* _EXERCISE_
Transcribe the entries below exactly from their first line through the line containing "청소년상담복지센터 2019년 11월", and let no picture into the copy.

Saved entries:
+--
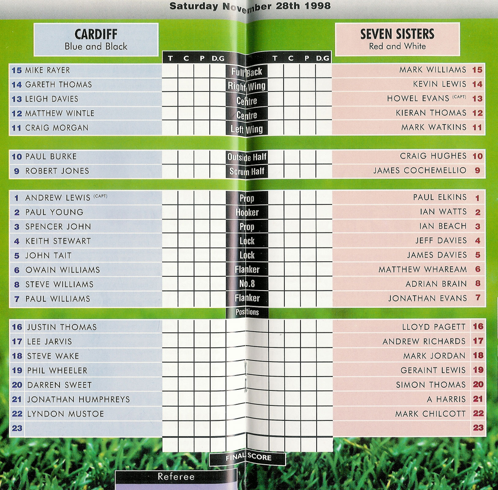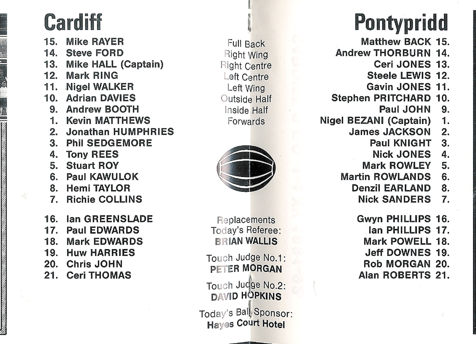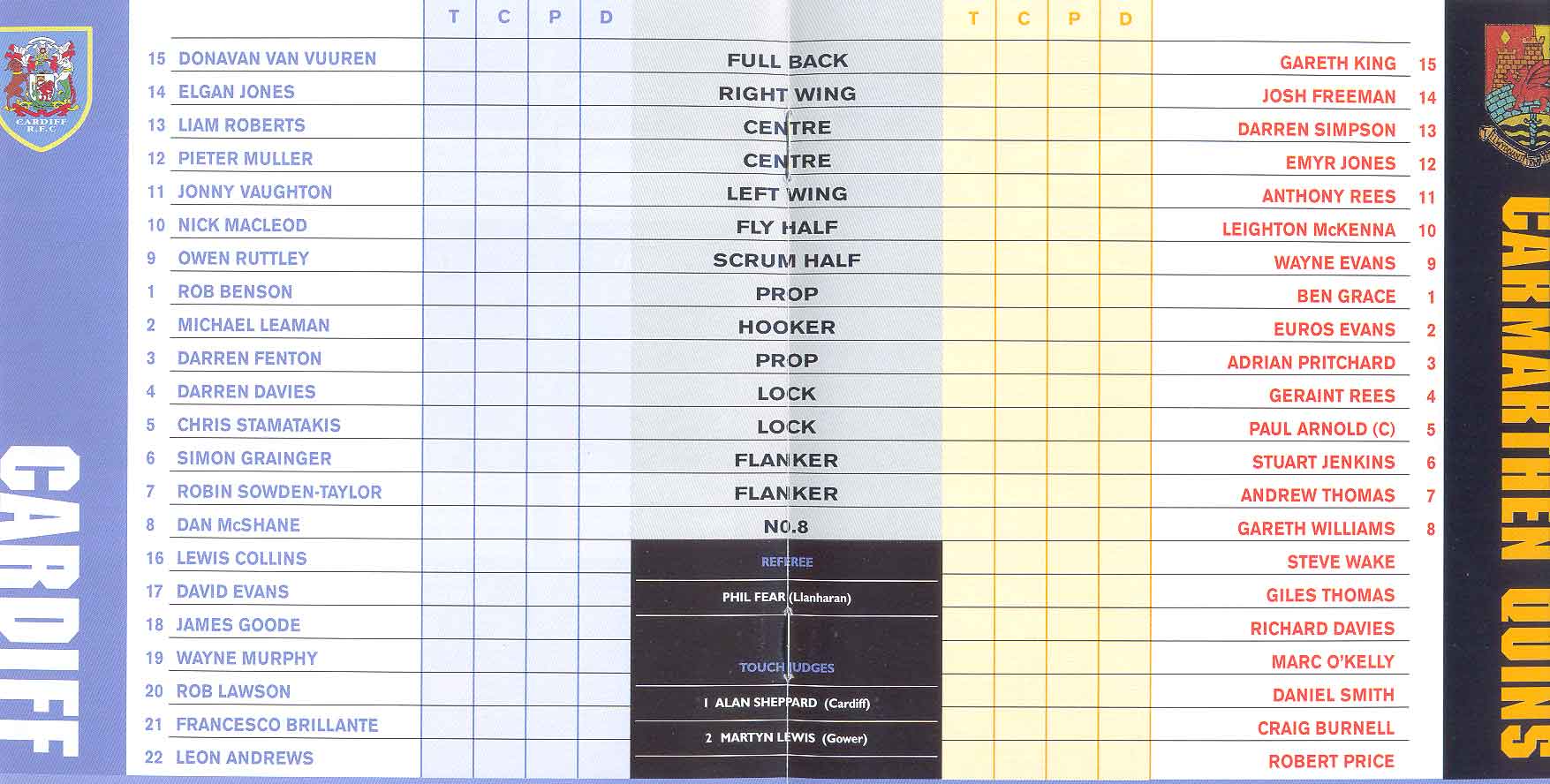 for Cardiff RFC away programmes please visit our other club programme pages......... Aberavon - Bath - Bridgend - Ebbw Vale - English Clubs - Gloucester - Irish Clubs - Irish Provincial - Llanelli & Scarlets - Maesteg - Neath - Newbridge - Newport - Pontypool - Pontypridd - Saracens - Scottish Club - Swansea - Welsh Clubs |
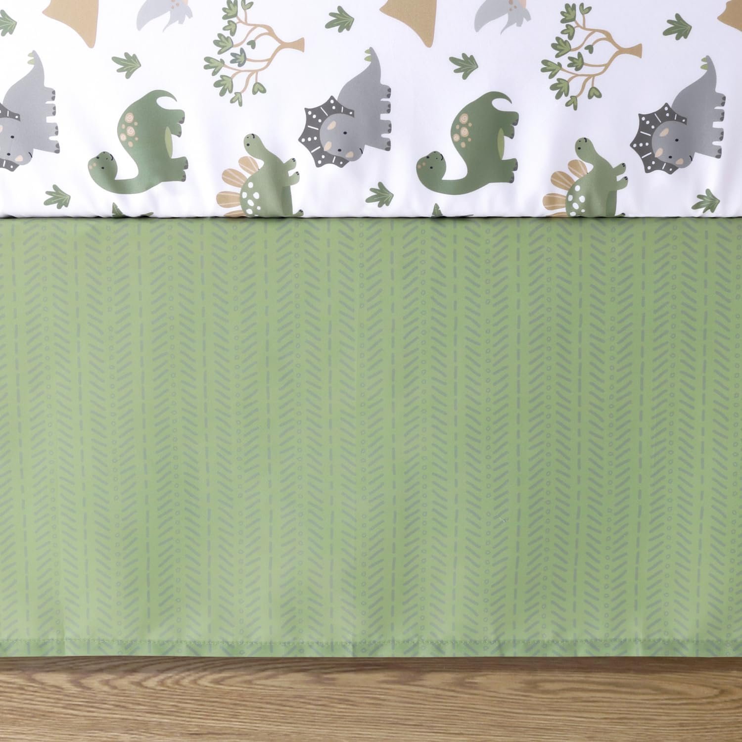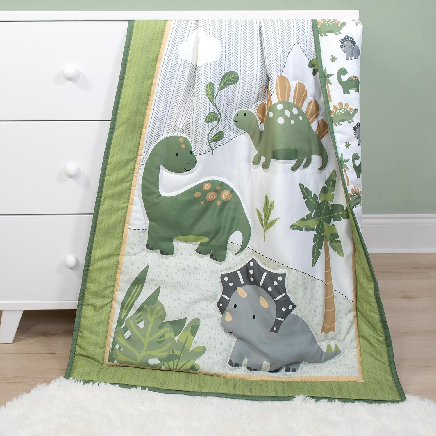 Jurassic Theme: Add a playful and soft touch to your toddler’s or baby’s nursery with a Jurassic theme featuring playful dinosaur friends on soft camo sage green and white.
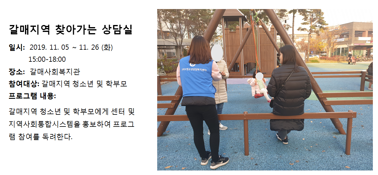 청소년상담복지센터 2019년 11월 갈매지역 찾아가는 상담실 작성자 관리자 등록일자 2019년 12월 4일 11시 46분 40초 조회 315 1575427600_photo_table.png [ Size : 942.26KB , Down : 103 ] 미리보기 다운로드 목록보기
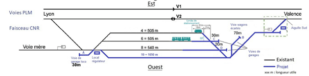- La création d’une nouvelle voie ferrée (V10) de 1500 m pouvant accueillir des trains « longs » de 1050 ml sur le faisceau actuel avec un raccordement Sud sur la ligne PLM du RFN
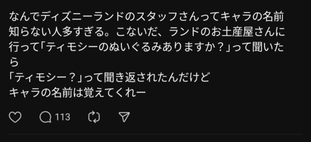 さすがにディズニー好きでもマイナーすぎるキャラは知らないだけ?
+--
* _ANSWER BOX_
 for Cardiff RFC away programmes please visit our other club programme pages......... Aberavon - Bath - Bridgend - Ebbw Vale - English Clubs - Gloucester - Irish Clubs - Irish Provincial - Llanelli & Scarlets - Maesteg - Neath - Newbridge - Newport - Pontypool - Pontypridd - Saracens - Scottish Club - Swansea - Welsh Clubs |
 Jurassic Theme: Add a playful and soft touch to your toddler’s or baby’s nursery with a Jurassic theme featuring playful dinosaur friends on soft camo sage green and white.
 청소년상담복지센터 2019년 11월 갈매지역 찾아가는 상담실 작성자 관리자 등록일자 2019년 12월 4일 11시 46분 40초 조회 315 1575427600_photo_table.png [ Size : 942.26KB , Down : 103 ] 미리보기 다운로드 목록보기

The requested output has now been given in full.